As with all the other vehicles we designed what the jump jet looked like before we designed the level, because its capabilities really defined what sort of gameplay we could use. This one took a little more thought than most of the others however. The first major decision we made was to build the jet from a front-on perspective, whereas all the other vehicles (barring the pogostick) are portrayed from the side. This was because it had to be very balanced in order to have as much control over flight as possible – the solution to this was to make it symmetrical, and enclose Sackboy in a small space so that his weight wouldn’t upset the balance as he moved from side to side. Originally it only took up two thin planes and one thick plane, but fairly early on we decided to make it use two thick planes and two thin planes, so that it had space for a cockpit that could be reached by running up the wings.

Recreating the jet out of 3D meshes was simple because the design was so dependent on its shape to start with that all we needed to do was give it a splash of colour. Actually this was probably the easiest part of the whole level! Did you know you can manually alter how big the bevel on a material is? Using the Corner Editor tool, move one point (one near a corner usually works best) really close to another and you should see the bevel get smaller. If it doesn’t work at first, try picking another point to move. Since our stickers only cover the front of an object, this is really useful for using stickers to disguise materials that have a noticeable bevel, such as dissolve, pink and peach floaty.

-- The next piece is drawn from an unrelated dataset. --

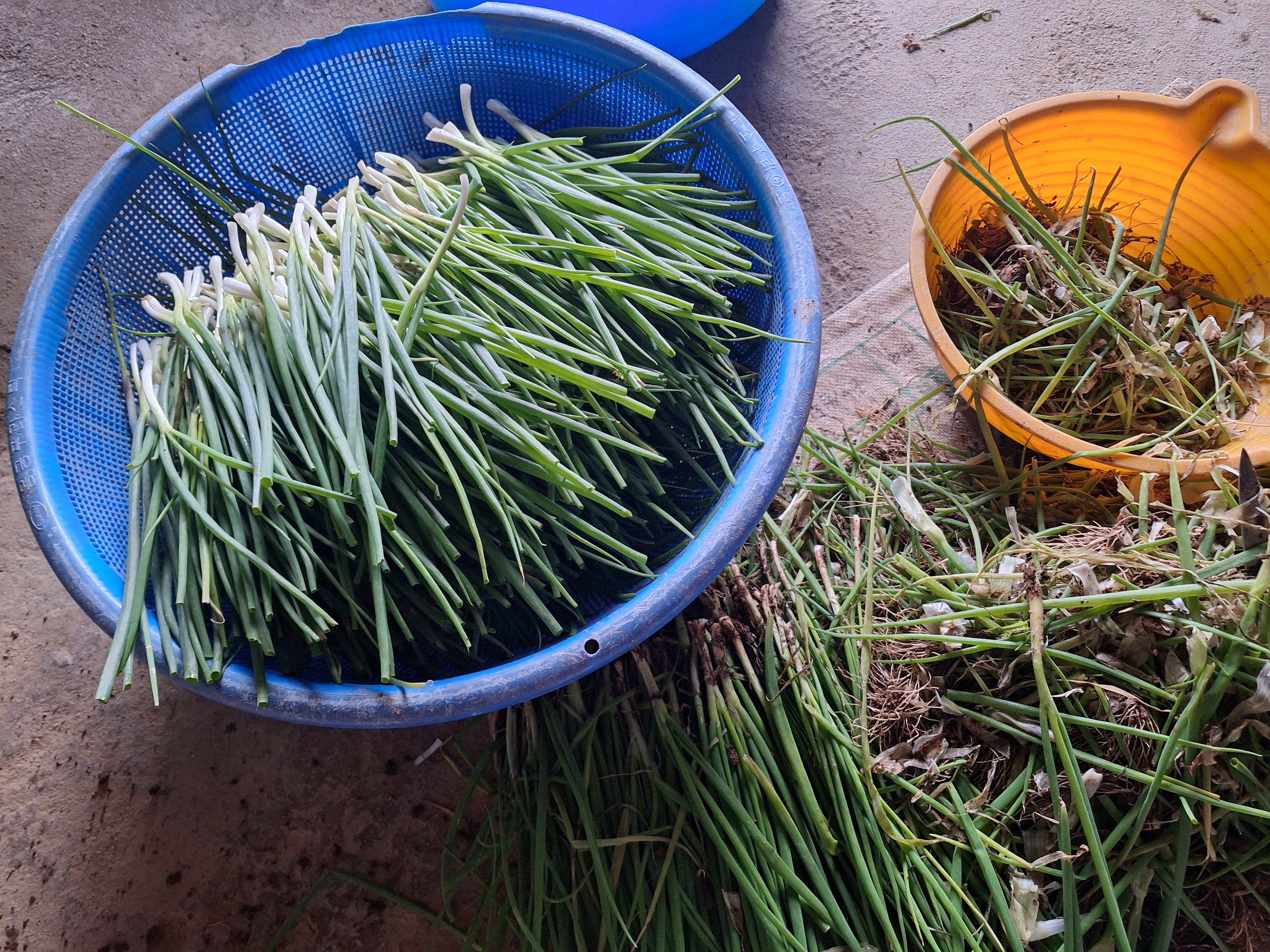 쪽파까고…  노인 두분이 하기엔 너무 어렵다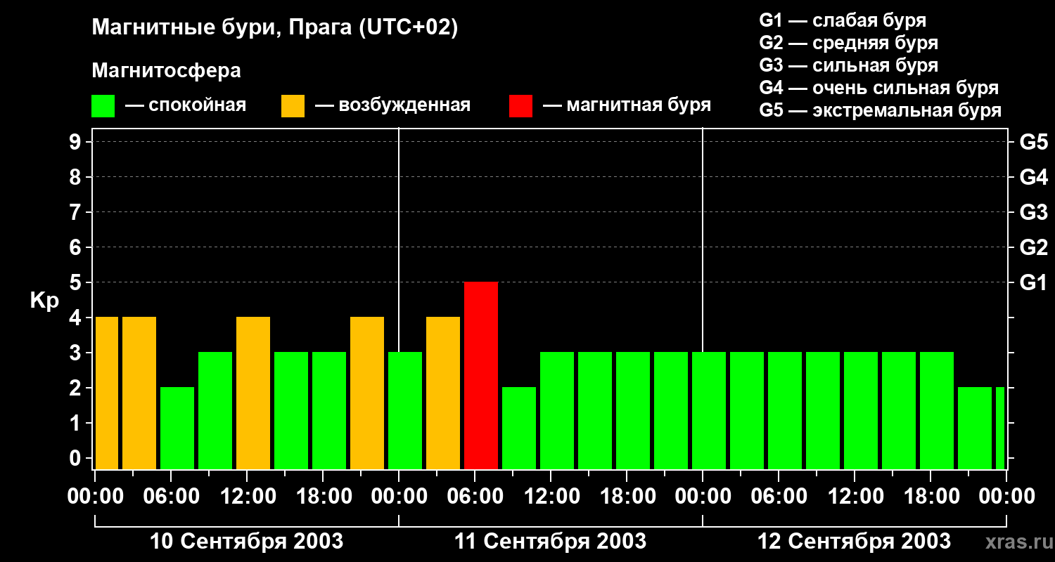 Изменения геомагнитного индекса Kp с 10 по 12 сентября 2003 года для средних широт

From an artistic point of view, the main problem that we’ve had while building this level is that the jump jet’s flight is blocked by objects in any plane except the front thin (unless they’re made of gas). In addition, we’ve had to be careful that there aren’t any weird nooks and crannies that the jet could get snagged on. To maintain the freedom of flying we’ve had to leave as much open space as possible without allowing you to wander off and get completely lost (eek!), whilst at the same time providing enough interestingly shaped landscape to let you know exactly where you are in the level. This means being really cunning with our materials in order to signpost the different areas of the level as much as possible, and the stickers have to be really punchy and stand out. As Andy said, headaches all round. Since this is the last level in the ‘Turbo! Pack’ we won’t give too much more away. Those tricksy toy soldiers are up to something though, so expect big explosions and tons of destruction. Oh, and a nice happy ending. :)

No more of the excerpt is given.